Nora was a PhD student when she attended a meeting that would change the course of her career. Until that point, Nora had thought of herself chiefly as an entomologist, with her primary work objective being (as she joked with her colleagues) counting bugs. Born and raised in the Midwest, Nora felt especially drawn to studying field crop pests and their voracious appetite for agricultural delicacies. In her years as a graduate student, she was all too familiar with how pests could invade fields and decimate healthy harvests. Small as they were, hungry insects commanded attention and respect – something Nora provided with satisfaction from behind her microscope.
When Nora decided to attend a meeting bringing together the region’s crop researchers, she wasn’t sure what to expect. But when a man name Andy stood up and described a major dataset on crop pests that had been underutilized and needed some attention, Nora sensed she was in the right place. With the help of his rotating team of researchers, Andy had collected data from a network of more than 40 insect sampling sites every week, every growing season, for the past several years.
But Andy felt the dataset had more to offer. In the process of collecting data for his work on species diversity, he had also managed to net many other data points which might intrigue someone with a quantitative focus. These byproduct data were there, ready for use, but Andy had no plans for them. Why not serve them up to someone else with a different skill set?
“A lot of people have put time into collecting this data, and we still have a lot more that we can do with it,” he explained to the group. “It’s a public resource, and I welcome anyone who has an interest to come and analyze it.” That was all the encouragement Nora needed; she left the meeting with Andy’s word that he would send her a subset of the data that would be useful for her to work on.
Nora got to work compiling the crop pest data she received from Andy with some others she had worked on previously. Stitched together, they created the biggest collection of data Nora had ever dealt with. At the time, Nora didn’t know exactly what she was getting into – it was her first introduction to a collaboratively generated database, and she felt a sort of nervous excitement at the thought of all those insect counts waiting on her computer.
Nora dove in, looking everywhere for patterns. By the time she resurfaced, she had found a new love: data analysis. Never would she leave behind the world of field pests, but it lacked the mystery and complexity she had only just realized she was missing from her work-life.
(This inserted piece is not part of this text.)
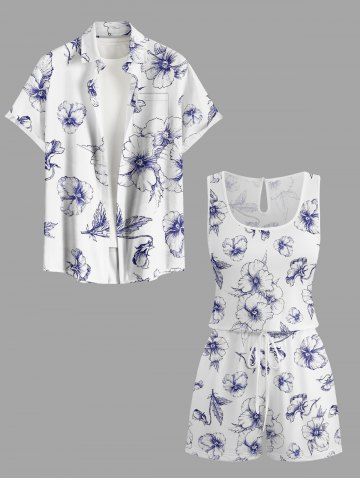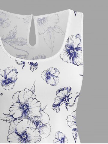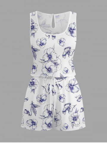 Plus Size Flowers Leaf Print Cinched Hawaii Romper - White - 1x

Nora was ready to do some more in depth data analysis and manipulation – something beyond the scope of her previous studies.
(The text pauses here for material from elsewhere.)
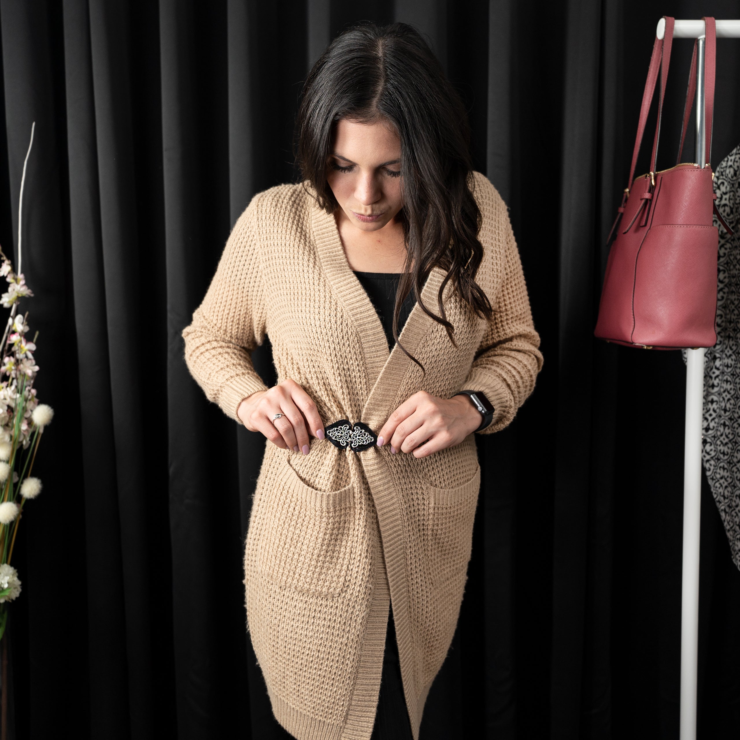 KardiKlips let you bring new life to your existing wardrobe - Ideal for adding shape, definition, and stability to your favorite outfits, they look great on everything from dresses and tunics, to cloaks or cardigans. And thanks to our proprietary grip clips, they offer a fierce hold that won’t be shaken!

Shortly after Nora finished analyzing the data and drafting a paper on her findings, Andy retired from the project, leaving his technician, Didi, to maintain the still-growing database. With funding drying up and their work coming to an end, Nora and Didi met to finish off the project’s loose ends.
Then, they had an idea.
There was still plenty of data yet to be explored – what if they compiled everything, every last spreadsheet, every species count, into one place? Nora’s earlier analysis had considered just one species; imagine what hidden secrets the other 249 might contain!
Their plan was solid, but it presented some special challenges that were as big as the database itself. Each spreadsheet was divided by state, site, and year, so formatting differences were sure to creep up. And even though the data had been collected by expert taxonomists, it had all been entered by a rotating staff of summer students who, as it turned out, all had very different ideas about everything from naming conventions to proper spellings of species names to implied zeroes.
It took two weeks of vigilant quality control to get all of the dataset’s pieces into a consistent format. On the last day Nora leaned back in her chair, trying to shake the last of the species names from her head. The finished dataset before her was a work of beauty; it was perfectly preened, it was in CSV format, and it contained 3.2 million observations.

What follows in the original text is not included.